Our communities on the slope are as far from each other as Chena Hot Springs is from Kodiak; except that we do not have roads or ferries. We do not have a private housing market because you cannot build a house for its appraised value in most of our communities. We would need nearly 400 more housing units to enjoy the same ratio of residents to homes that you call a housing shortage. Our municipality is the economic driver in our region, not simply the provider of essential services you may be accustomed to. Our entire economy is as dependent upon revenue from taxation as the State is on royalties from oil flowing out of our region. There are some in rural Alaska that may be in greater need than we are, but will they be made well by the State’s dividend? I don’t think so. Their meager livelihoods are also at risk with Senate Bill 57. Their taxing authority over natural resources is also in jeopardy.
I saw a Twitter post by one resident from the rail belt which implied we must either be corrupt or flush if we can make over $800,000 per year in donations (an erroneous perception drummed up to create news in years past). We have one hospital with 15 beds, no roads and high unemployment. Yes, sometimes we approve donations for medical and funeral travel beyond what Medicaid or the Indian Health Service will provide; hardship donations for groceries; rent, utilities or fuel for subsistence activities. What would you do without roads between Anchorage and Homer, Tok, Fairbanks and Wasilla if you had one hospital, one airline and no service guarantee on bulk mail; which is the only way you can afford to receive groceries? Why are you wasting time talking about whether we have enough to share when you have so much that you take for granted?
Revenues from taxation have built more than 4 Billion in basic necessities for our region; (dollar value in replacement costs). By basic, I mean basic; things like indoor plumbing and heating and electricity; airstrips, schools and housing. These basics come with the obligation for replacement when they reach the end of their useful life which we cannot afford yet. Our capital needs are double what we spend each year. We need to see increases in revenue just to sustain what we have, and the governor would have you believe we have too much? His analysis includes our permanent fund as a source for funding our operations; yet he will not look to the State’s permanent fund as a solution for his operations? He estimates that we will have more money than we need in a few years and we can survive his famine. That is pure speculation and he is forgetting which side of the nipple he is on.
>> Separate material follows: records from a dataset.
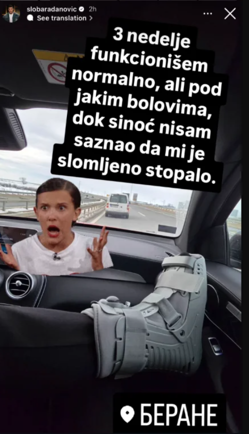 – Три недели функционирам нормално, но со силни болки, сè додека синоќа не дознав дека ми е скршена ногата, а не се сеќавам кога или како ја скршив – напиша Слоба Радановиќ, додавајќи: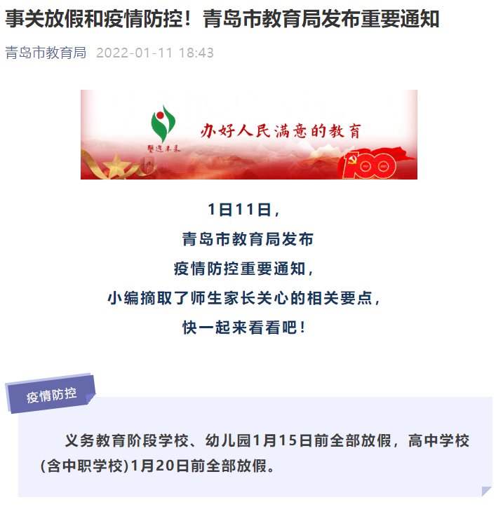 2022年1日11日,青岛市教育局发布疫情防控重要通知: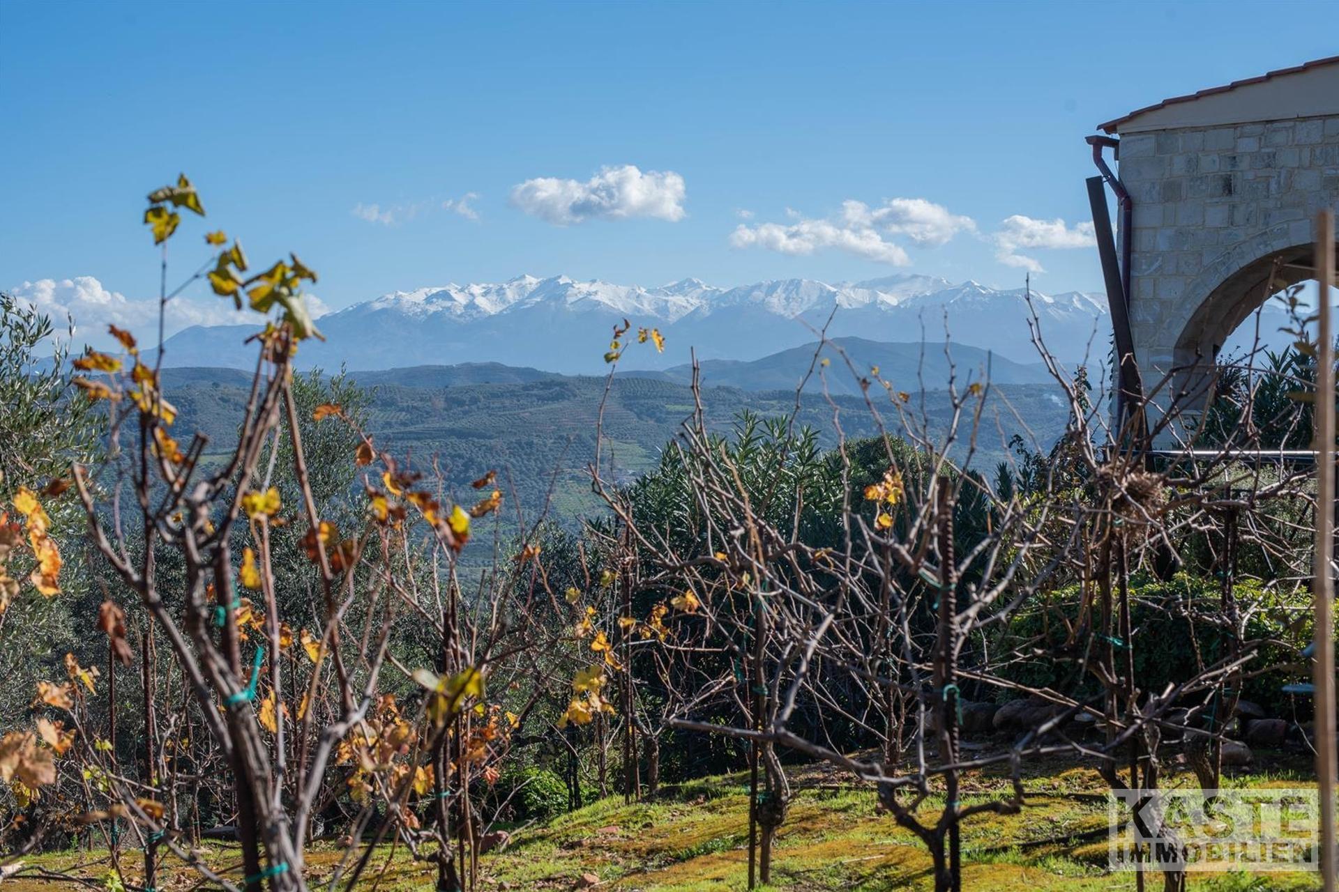 Im Inneren beeindruckt die Villa durch charakteristische Steinbögen und stilvolle Holzdecken, die dem Haus eine warme, authentische Atmosphäre verleihen. Eine großzügige Terrasse im Obergeschoss eröffnet einen atemberaubenden, ungehinderten Blick auf das azurblaue Meer und die majestätischen Weißen Berge.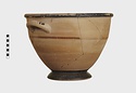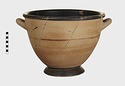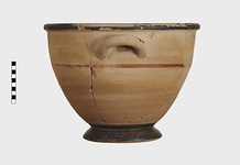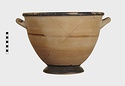 | Description: | Mended from many pieces; complete except for small bits. Small echinus foot; deep bowl; narrow rolled rim, only slightly projecting; rather small handles, set well up towards rim and somewhat uptilted. Firm thick somewhat dull black glaze inside and on rim; thinner on foot. Dilute wash on walls outside; a brown band below the handles. Slight traces of wear on the floor. Cf. Agora XII, no. 1781. | |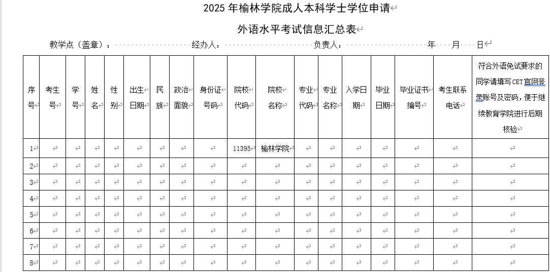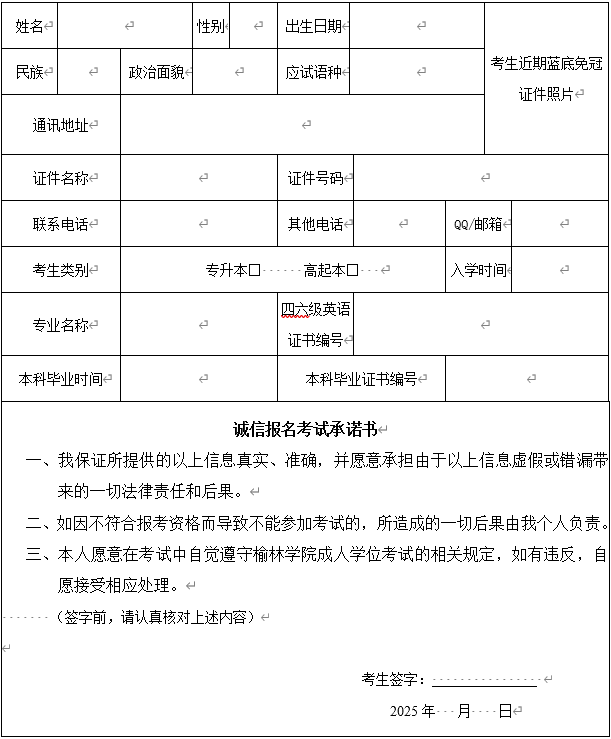 1.2025年榆林学院成人本科学士学位申请外语水平考试报名登记表

Our natural resources have been bottle-feeding urban Alaska for the last 50 years. We are the only reason you do not have a state income tax. We are the only reason there is a Permanent Fund. We were here before the Russians. Access to natural resources is the only reason we celebrate Seward’s Day and the settlement of land claims with the indigenous people are the only reason there is a pipeline. When we have the roads you enjoy, jobs, adequate housing and opportunities for education and recreation that are essential to healthy communities, then maybe we debate equity. Until then we are going to do everything in our power to protect what our constitution authorizes as a Home Rule Borough.
It is my hope that the Governor will hold his advisors accountable for not thinking this through. They have put the successes we have achieved in planning responsible development at risk. They have revived the historical trauma of broken treaties and land claim settlement assurances which are bringing thoughts of secession and federal land use negotiations back to the voices of our elders. This rhetoric could stall continued access to Alaska’s vast resources because the State will not recognize our basic rights.
I assembled a team of the best legal minds to develop our strategy if this bill ever sees the light of day and we are ready now for a fight if necessary.